● **Input for this task**

- - - - -

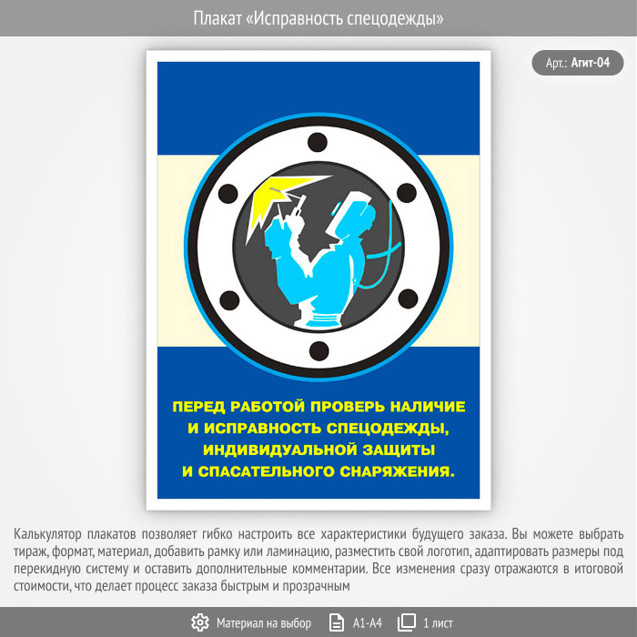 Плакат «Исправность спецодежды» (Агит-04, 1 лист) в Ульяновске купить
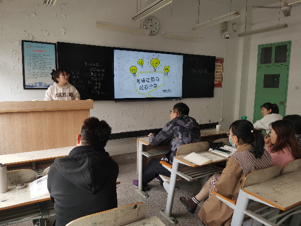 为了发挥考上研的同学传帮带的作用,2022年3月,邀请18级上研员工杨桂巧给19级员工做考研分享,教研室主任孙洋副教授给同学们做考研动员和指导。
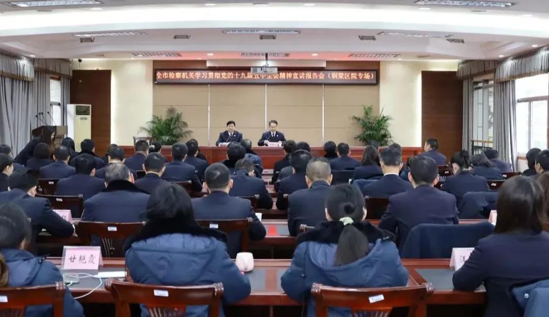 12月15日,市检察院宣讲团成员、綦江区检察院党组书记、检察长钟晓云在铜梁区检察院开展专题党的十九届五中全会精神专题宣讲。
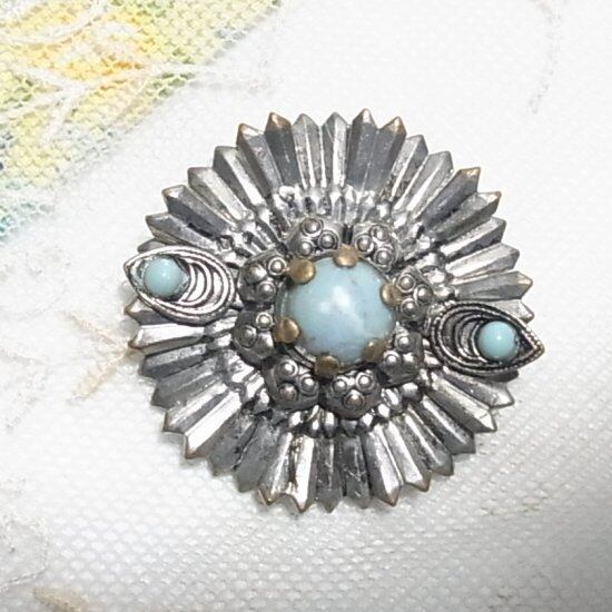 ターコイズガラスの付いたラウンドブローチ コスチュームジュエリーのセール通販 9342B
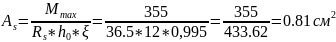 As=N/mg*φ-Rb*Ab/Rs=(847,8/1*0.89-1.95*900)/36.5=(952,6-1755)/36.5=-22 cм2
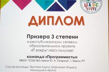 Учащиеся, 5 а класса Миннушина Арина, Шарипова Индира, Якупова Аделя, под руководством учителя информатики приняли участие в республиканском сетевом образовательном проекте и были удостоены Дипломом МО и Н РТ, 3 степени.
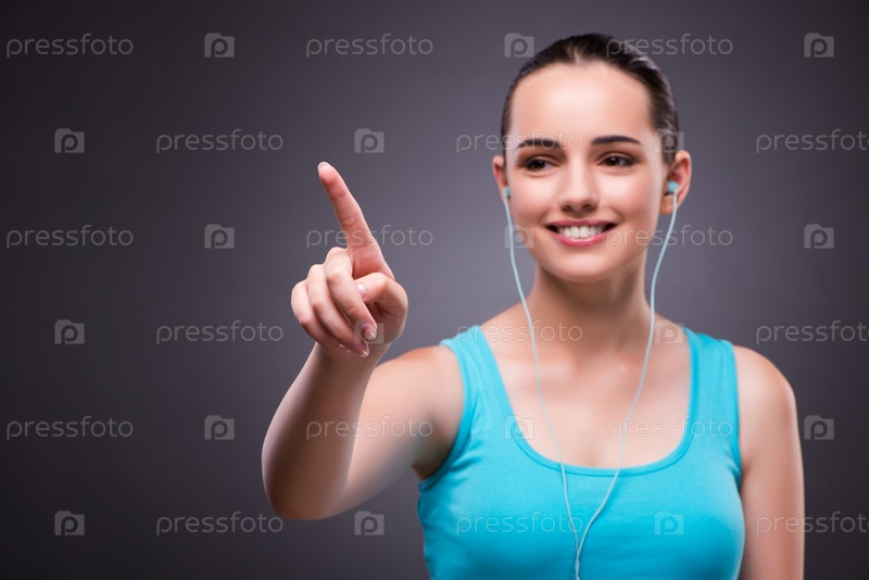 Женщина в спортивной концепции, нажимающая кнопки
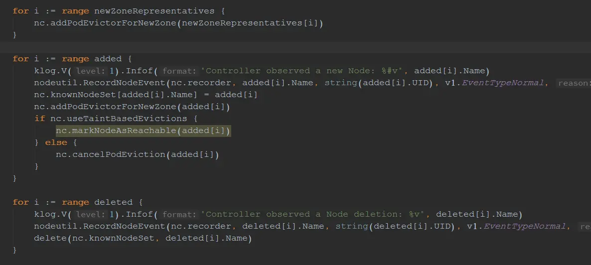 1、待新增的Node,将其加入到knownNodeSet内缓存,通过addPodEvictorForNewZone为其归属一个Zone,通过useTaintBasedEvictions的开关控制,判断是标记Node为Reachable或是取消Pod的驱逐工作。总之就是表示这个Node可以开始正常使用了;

- - - - -

● **What is expected**
Would you set down each line of the listing above exactly, apart from the pictures?

● **Exercise answer**
 Плакат «Исправность спецодежды» (Агит-04, 1 лист) в Ульяновске купить
 为了发挥考上研的同学传帮带的作用,2022年3月,邀请18级上研员工杨桂巧给19级员工做考研分享,教研室主任孙洋副教授给同学们做考研动员和指导。
 12月15日,市检察院宣讲团成员、綦江区检察院党组书记、检察长钟晓云在铜梁区检察院开展专题党的十九届五中全会精神专题宣讲。
 ターコイズガラスの付いたラウンドブローチ コスチュームジュエリーのセール通販 9342B
 As=N/mg*φ-Rb*Ab/Rs=(847,8/1*0.89-1.95*900)/36.5=(952,6-1755)/36.5=-22 cм2
 Учащиеся, 5 а класса Миннушина Арина, Шарипова Индира, Якупова Аделя, под руководством учителя информатики приняли участие в республиканском сетевом образовательном проекте и были удостоены Дипломом МО и Н РТ, 3 степени.
 Женщина в спортивной концепции, нажимающая кнопки
 1、待新增的Node,将其加入到knownNodeSet内缓存,通过addPodEvictorForNewZone为其归属一个Zone,通过useTaintBasedEvictions的开关控制,判断是标记Node为Reachable或是取消Pod的驱逐工作。总之就是表示这个Node可以开始正常使用了;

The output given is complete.